Bitfarms Joins Peer Bitcoin Miners in Halting Hashrate Expansion, Citing HPC Focus

Bitfarms has ruled out any major Bitcoin miner purchases for 2025 or 2026, joining a growing list of public mining firms dialing back hashrate expansion in response to shifting market dynamics.
In its April production update, the Toronto-based miner noted it will meet this year’s growth targets using previously acquired machines. Instead of pursuing new hardware, Bitfarms plans to prioritize growth in high-performance computing (HPC) and the expansion of its energy infrastructure—particularly in the United States.
“Our Bitcoin business is strong, and we remain bullish on mining economics with our newly upgraded mining fleet,” said CEO Ben Gagnon. “We have no need nor plans for a large miner purchase in 2025 or 2026, enabling us to focus our efforts on developing U.S. energy and HPC infrastructure, which we believe will create lasting shareholder value.”
The company’s comments echo similar signals from Riot Platforms and Iris Energy, both of which have recently deprioritized near-term hashrate growth in favor of capital investment in U.S. infrastructure and compute diversification, including AI workloads. The shift marks a departure from the aggressive hashrate accumulation that characterized the pre-halving cycle.
As part of its HPC pivot, Bitfarms also secured a $300 million loan facility in April from infrastructure investor Macquarie Group.
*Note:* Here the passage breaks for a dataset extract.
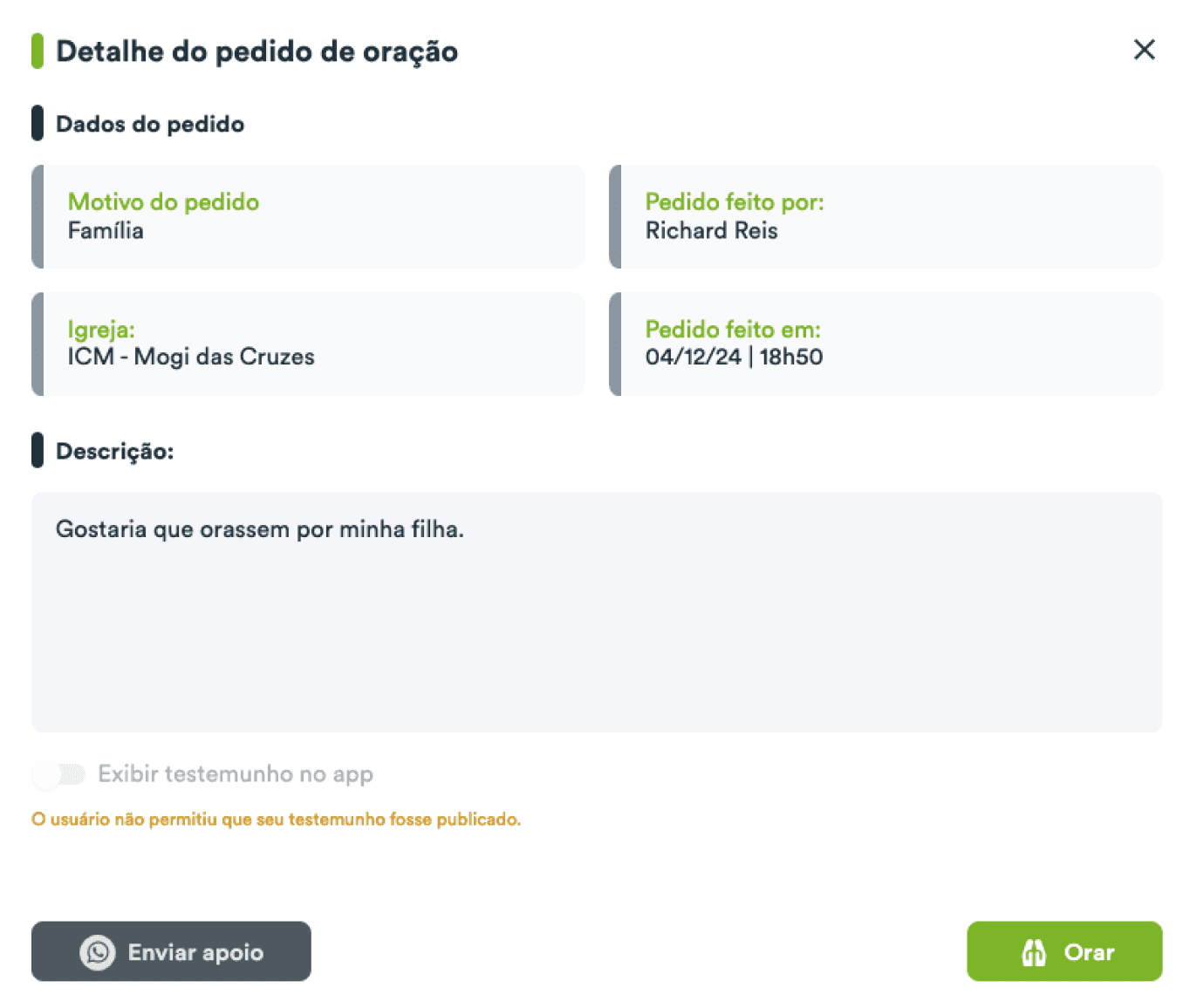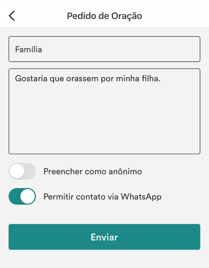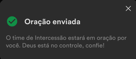 Com essa funcionalidade, os pais e responsáveis podem pedir uma oração sobre seus pequeninos em apenas alguns cliques. Ao fazer uma solicitação via aplicativo, eles recebem uma notificação no momento que a equipe de intercessão começar a orar pela criança.

Bitfarms said the capital will be dedicated exclusively to developing HPC data center infrastructure at its Panther Creek facility, acquired earlier this year through the merger with Stronghold Digital.
In April, Bitfarms mined 268 BTC with a realized hashrate of 17 EH/s, or roughly 87% of its installed 19.5 EH/s capacity. It sold 403 BTC—about 150% of its monthly production—to cover operational and capital expenditures.